姉としての彼女の言葉に、黄瀬は目を見開いたまま彼女を見上げていて。きっと、初めて聞かされた本心に、思考がついていかないのだろう。
彼女に言われずとも、黄瀬の力を戦力と考えていた俺にとって、彼女のお願いは必然的に果たされることになる。俺の目に狂いはないからな。
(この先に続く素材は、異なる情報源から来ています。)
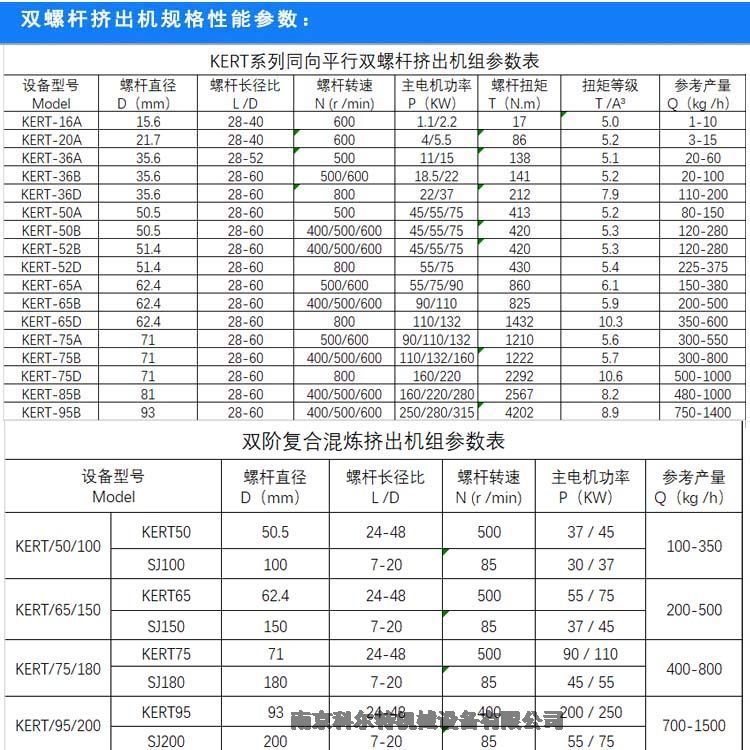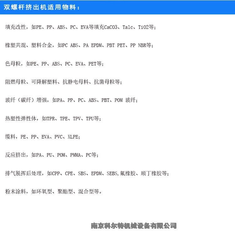 20双螺杆小型实验机, 30双螺杆挤出造粒机,36双螺杆挤出造粒机,35双螺杆挤出造粒机,50双螺杆挤出造粒机,52双螺杆挤出造粒机,65双螺杆挤出造粒机,75双螺杆挤出造粒机,85双螺杆挤出造粒机,95双螺杆挤出造粒机,120机双螺杆造粒机,135双螺杆挤出机

「黄瀬が試合に出れるようになるのは時間の問題です。その時はどうぞ、見に来てください」
「あらそう?ありがとう。その時がきたら是非行かせてもらうわね。あ、そうそう。赤司くんならわたしが頼まなくてもしてくれそうだけど、この子が吐くほどみっちりしごいてやってね」
「え!?」
「言うこと聞かないときなんかは殴っても構わないから」
「殴る!?」
「あぁでも、顔はダメよ?モデルだとかそういう理由じゃないれど顔はだめ。わたし涼太の顔が一番好きなの。だから例え赤司くんでも涼太の顔を殴るのは許さないわ。服の下とか見えないところならどこでもいいけれど…」
「それただのイジメだから!」
「顔を殴っていいのは姉であるわたしだけだから!」
「姉でもダメだから!もう名前これ以上変なこと言うのやめてっ!」
「ちょっと、さっきから涼太うるさいわよ。あんたにもう用はないんだからさっさと練習に戻りなさいよ。この中で一番ド下手くそのくせに。生意気にサボってんじゃないわよ」
「ええええ!?名前が呼んだからここにいるのに!ヒドッ!」
「それじゃあわたしは帰るけど、今度こんなしょうもないことでわたしを使ったら…賢い涼太ならわかるわよね?」
「はいっ!以後気を付けますっ!今日はすみませんでしたっ!」
「よろしい。じゃ、また家でね」
綺麗な笑みを崩すことなく、黄瀬とのやり取りを終えた彼女は、最後にもう一度俺を見据えるとふわりと笑った。
「それじゃあ赤司くん、後はよろしくね」
「はい。後のことは全てお任せください」
俺の返事に気を良くしたのか、嬉しそうに笑って帰って行く後姿が、黄瀬を怒りにきただけとは思えなかった。きっと彼女なりの心配があって様子を見にきたのだろう。でなければ、あんな本音を口にはできないだろうから。
「良い姉を持ったな。黄瀬」
「ええ?まぁ、そう、っスね。自慢の姉ちゃんですけど…赤司っち、まさかとは思うけど惚れてないっスよね?名前はあの通り顔だけは良いんスけど中身はホントだめだめで…」
「なんだ?姉の株を落して余計な虫がつかないようにしてるあたり、随分と御執心のようだな」
「そっ!う、です…はい…例え赤司っちでも名前はあげないっスからね!」
「いいだろう。だが、それを決めるのはお前ではなく彼女だがな」
「えー!マジっスか赤司っちー!お願いだから名前はだめっスよ!」
「うるさいぞ。いい加減さっさと練習に戻れ」
納得いかない、と表情に出したまま渋々コートへ戻っていく黄瀬を見送りながら、あの美しく統一されたあの青い制服の学校を思い出していた。あれはたしか神奈川にある海常高校だったはずだ。
俺が候補として数に入れていた場所ではなかったが、彼女が在学中に行けるのならばそこへ決めてもいいような気がした。今のところは、な。